Records shown ▸
§ §

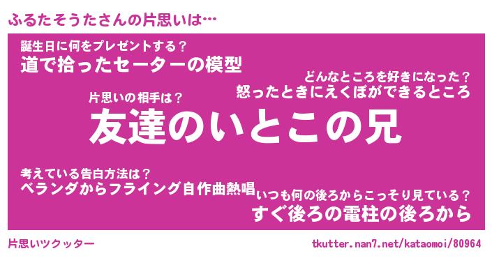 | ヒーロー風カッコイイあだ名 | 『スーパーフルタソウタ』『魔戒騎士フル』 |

§ §

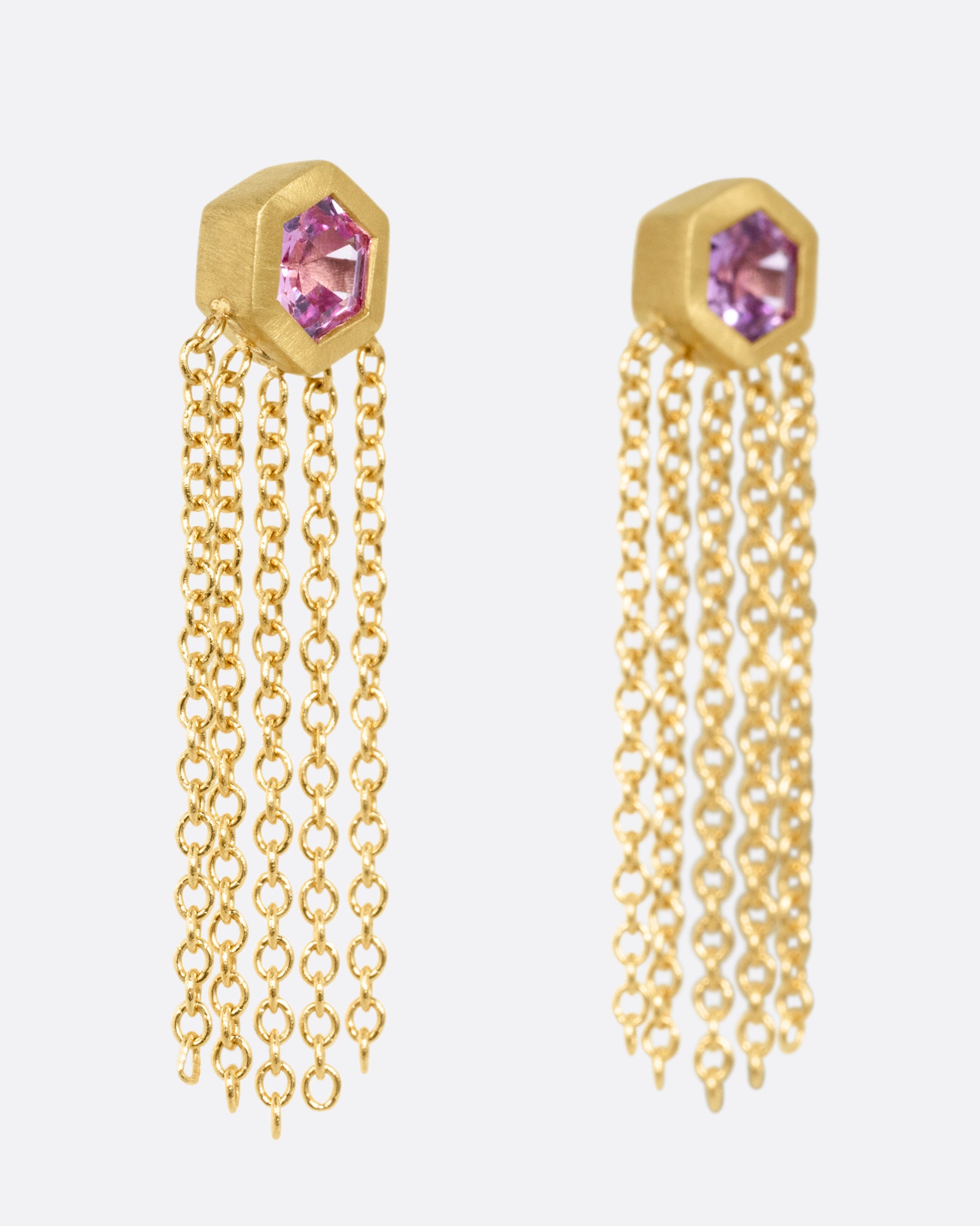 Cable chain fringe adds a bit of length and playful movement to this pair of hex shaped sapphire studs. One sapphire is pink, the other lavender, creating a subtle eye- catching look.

§ §

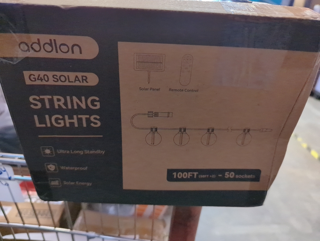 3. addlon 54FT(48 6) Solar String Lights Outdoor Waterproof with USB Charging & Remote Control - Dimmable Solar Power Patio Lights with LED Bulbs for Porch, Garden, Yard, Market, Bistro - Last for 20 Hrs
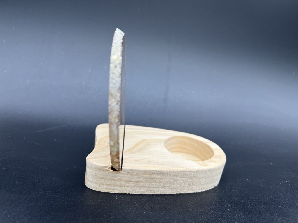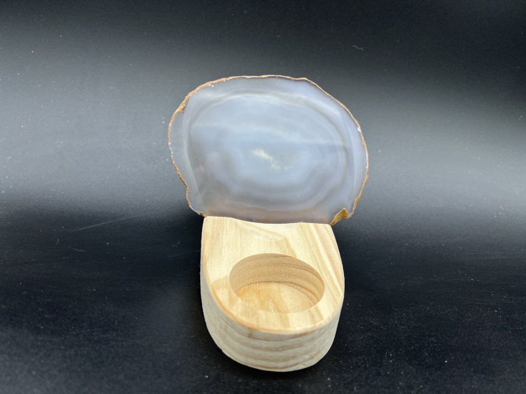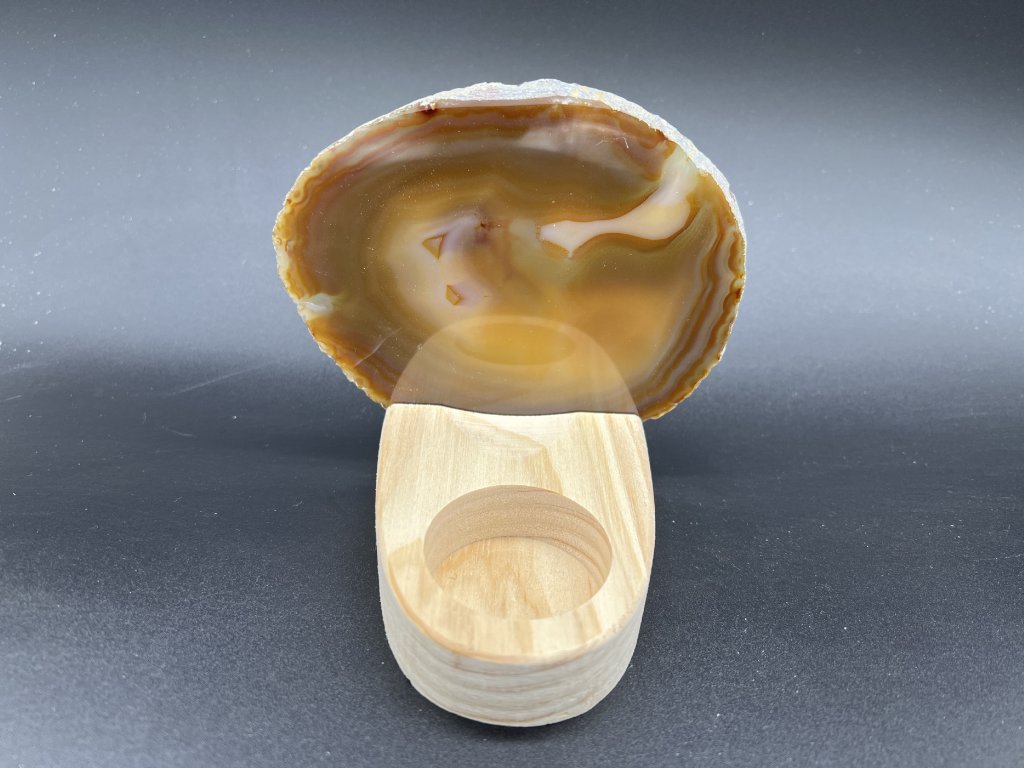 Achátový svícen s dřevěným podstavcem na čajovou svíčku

§ §

Go to the line above that contains "3. addlon 54FT(48" and reproduce everything exactly from there through the line that contains "Achátový svícen s", leaving out the pictures.

Problem solution ▸
 3. addlon 54FT(48 6) Solar String Lights Outdoor Waterproof with USB Charging & Remote Control - Dimmable Solar Power Patio Lights with LED Bulbs for Porch, Garden, Yard, Market, Bistro - Last for 20 Hrs
 Achátový svícen s dřevěným podstavcem na čajovou svíčku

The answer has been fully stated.